Como a Wilber Cutipa se le ve como un tipo moderado, sonrisa breve y con relativa visibilidad política, existe la errada creencia de que es un candidato nuevo, con nuevos bríos y mentalidad abierta. En realidad, su pasado político es antiguo y abrumadoramente oportunista. Para desnudar a Cutipa tenemos que ver más allá del partido con el que hoy postula, hay que verle el pasado, su árbol “genealógico” político. Y en este asunto la secuencia que tiene es clarísima: Cutipa es la prolongación ideológica y política de Walter Aduviri y de todos sus lugartenientes que cuando ganaron el gobierno regional en el 2018, ejercieron el poder de la manera más déspota y con una posición ideológica duramente dogmática, que se caracterizó por una tozuda indiferencia hacia la población urbana de Puno y hacia pobladores procedentes de la zona quechua.
Y una clara demostración de que Wilver Cutipa es la ovulación política de Aduviri, es su recorrido político. Todos saben que del Aymarazo, en 2011, surgió el liderazgo de Walter Aduviri, pero pocos saben que alrededor de ese tiempo también se intentó dar vida al Movimiento Andino por la Liberación del Kullasuyo (MALLKU), cuyos fundadores fueron Aduviri Q. Tancara y Huacoto. Como no consiguieron concretar dicho movimiento, utilizaron a Democracia Directa en el 2014, para luego caer en Mi Casita, en el 2018, con el que Aduviri llegó al poder Regional. Y es precisamente en esta gestión cuando aparece públicamente Wilber Cutipa como funcionario regional, aunque ya era conocido desde antes como parte de la portátil de Aduviri. Después de la caída del gobierno de Aduviri, juntó a los mismos operadores políticos de Mi casita, Cutipa postuló por Somos Pueblo en 2022. No logró el triunfo, pero apenas terminaron aquellas elecciones, Cutipa personalmente intentó recuperar nuevamente el nombre del Movimiento MALLKU, junto a los mismos antiguos colaboradores de Aduviri como Q. Tancara. Al no poder hacerlo por segunda vez, buscó diversos partidos hasta encontrar la combi precisa de “País para Todos”.

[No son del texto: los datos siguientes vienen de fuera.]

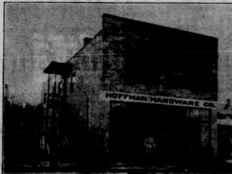
HOFFMAN HARDWARE CO.

The Hoffman Hardware company, located on Bridge street in the business part of Vernonia have a highly up-to-date brick fireproof building adding much to the appearance of the business structures found on this artery. The building has a stucco front with large show windows.

Por todo esto es que Cutipa es heredero político de Walter Aduviri. Y no solo porque haya trabajado en su gobierno o porque intentara recuperar MALLKU, también porque a su alrededor siempre estuvieron y están hasta ahora antiguos cuadros aduviristas que ya ejercieron el poder en 2018. El caso más evidente es por ejemplo Martín Ticona: acompañó a Aduviri bajo Democracia Directa en 2014, volvió a acompañarlo con Mi Casita en 2018 y ahora aparece nuevamente, esta vez junto a Cutipa, dentro de País para Todos. Así como éste hay aun otros antiguos cuadros, candidatos y autoridades reciclados provenientes de Mi Casita.
Se me objetará, después de estos ejemplos, que, bajo la idea de continuidad ideológica, meto en el mismo saco a Cutipa y a Aduviri, pero yo digo ¿Acaso no son la misma cosa? y alargo aún más ¿qué garantías hay de que Cutipa no repita lo mismo que Aduviri si juntos hacen todo? Para muchos el gobierno de Aduviri fue sumamente déspota y discriminatorio, además de afín con el modelo boliviano. Yo creo que nadie espera que eso se repita. Y creo también que una candidatura no viene al mundo sola, se hace en base a liderazgos, redes y referentes ideológicos. Y en el caso de Cutipa, nunca se alejó de los cuadros aduviristas, entonces, acaso no es legítimo preguntarse ¿qué más está heredando Cutipa? No lo juzgo, pero tampoco se puede ignorar sus antecedentes políticos.